### Work instructions
Using the data below, return the stretch from the line that contains "Tagliafico saltó para" through the line that contains "Stylish Decoration: The", both included, exactly as it stands and nothing beyond it.

### Provided entries

■ ■ ■ ■

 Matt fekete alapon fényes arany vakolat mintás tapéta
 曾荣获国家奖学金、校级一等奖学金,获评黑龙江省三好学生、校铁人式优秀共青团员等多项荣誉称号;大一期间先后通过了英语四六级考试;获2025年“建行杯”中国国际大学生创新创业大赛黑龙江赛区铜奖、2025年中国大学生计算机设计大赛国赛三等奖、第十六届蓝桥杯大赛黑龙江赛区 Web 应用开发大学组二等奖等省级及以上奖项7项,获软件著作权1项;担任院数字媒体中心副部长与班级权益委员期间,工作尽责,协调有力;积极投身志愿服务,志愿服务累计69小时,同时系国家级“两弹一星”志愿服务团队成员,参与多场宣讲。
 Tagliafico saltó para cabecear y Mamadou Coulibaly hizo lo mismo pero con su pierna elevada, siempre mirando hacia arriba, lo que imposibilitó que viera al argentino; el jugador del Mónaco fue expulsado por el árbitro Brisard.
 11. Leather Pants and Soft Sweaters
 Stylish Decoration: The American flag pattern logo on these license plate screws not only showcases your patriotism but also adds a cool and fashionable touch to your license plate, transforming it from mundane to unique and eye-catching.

■ ■ ■ ■

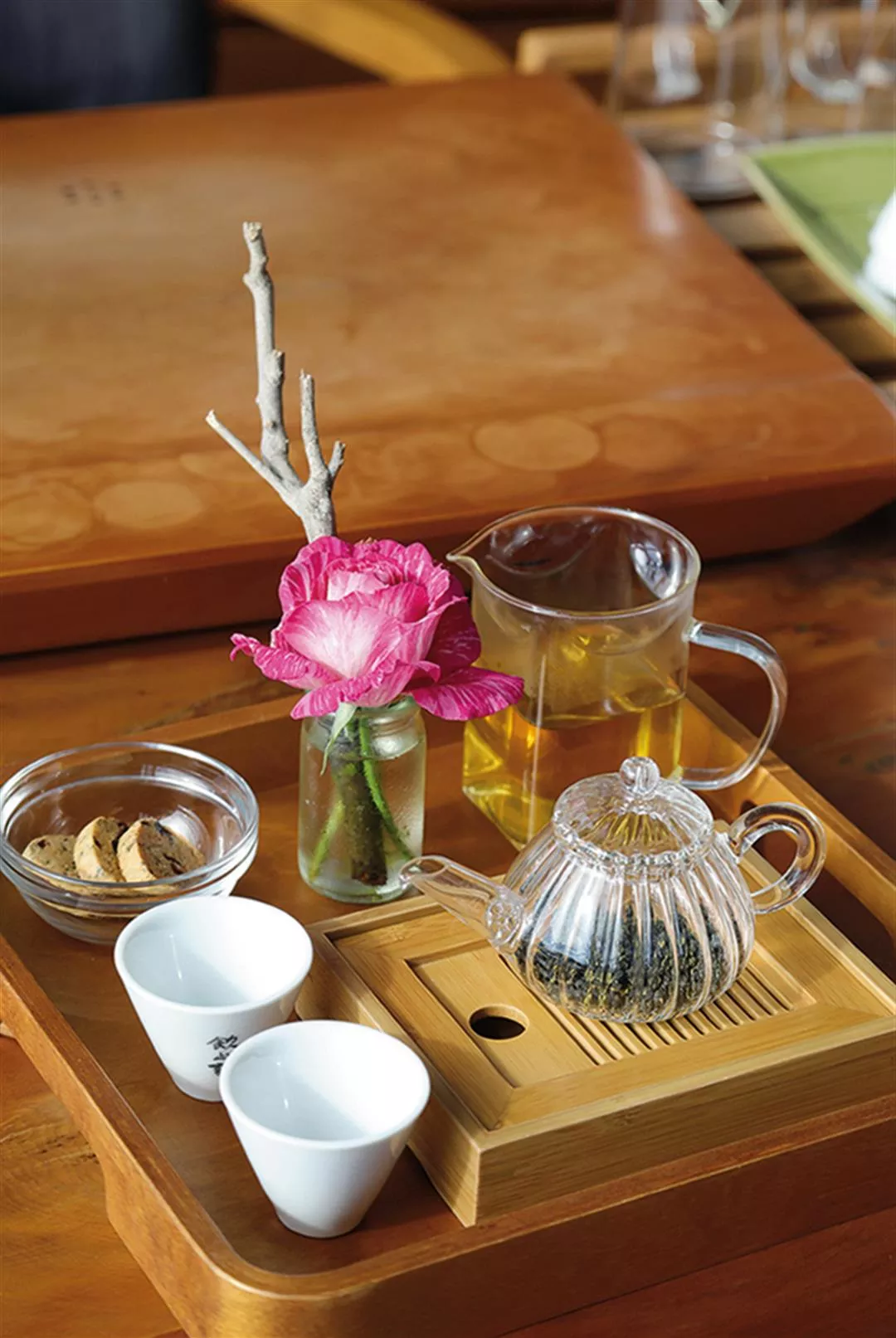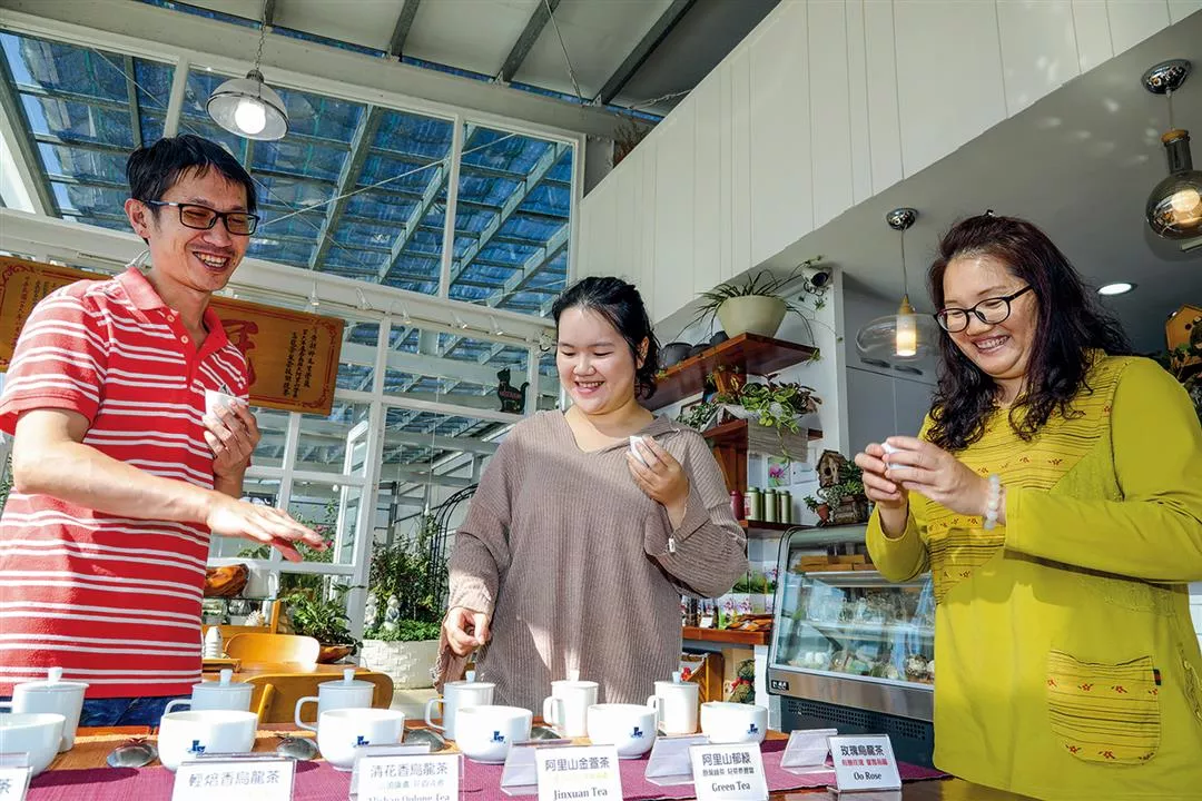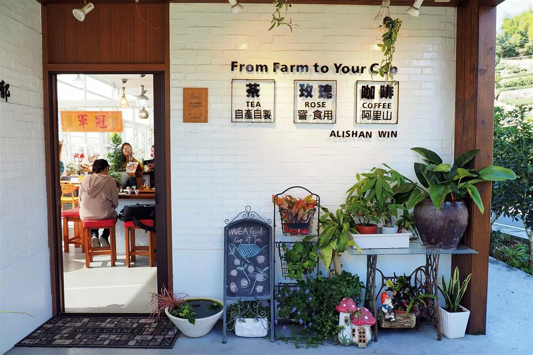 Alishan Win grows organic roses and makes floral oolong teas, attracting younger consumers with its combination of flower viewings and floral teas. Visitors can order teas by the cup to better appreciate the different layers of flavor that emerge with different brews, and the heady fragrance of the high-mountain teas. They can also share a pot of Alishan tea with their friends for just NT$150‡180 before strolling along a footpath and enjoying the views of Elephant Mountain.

■ ■ ■ ■

### Answer section
 Tagliafico saltó para cabecear y Mamadou Coulibaly hizo lo mismo pero con su pierna elevada, siempre mirando hacia arriba, lo que imposibilitó que viera al argentino; el jugador del Mónaco fue expulsado por el árbitro Brisard.
 11. Leather Pants and Soft Sweaters
 Stylish Decoration: The American flag pattern logo on these license plate screws not only showcases your patriotism but also adds a cool and fashionable touch to your license plate, transforming it from mundane to unique and eye-catching.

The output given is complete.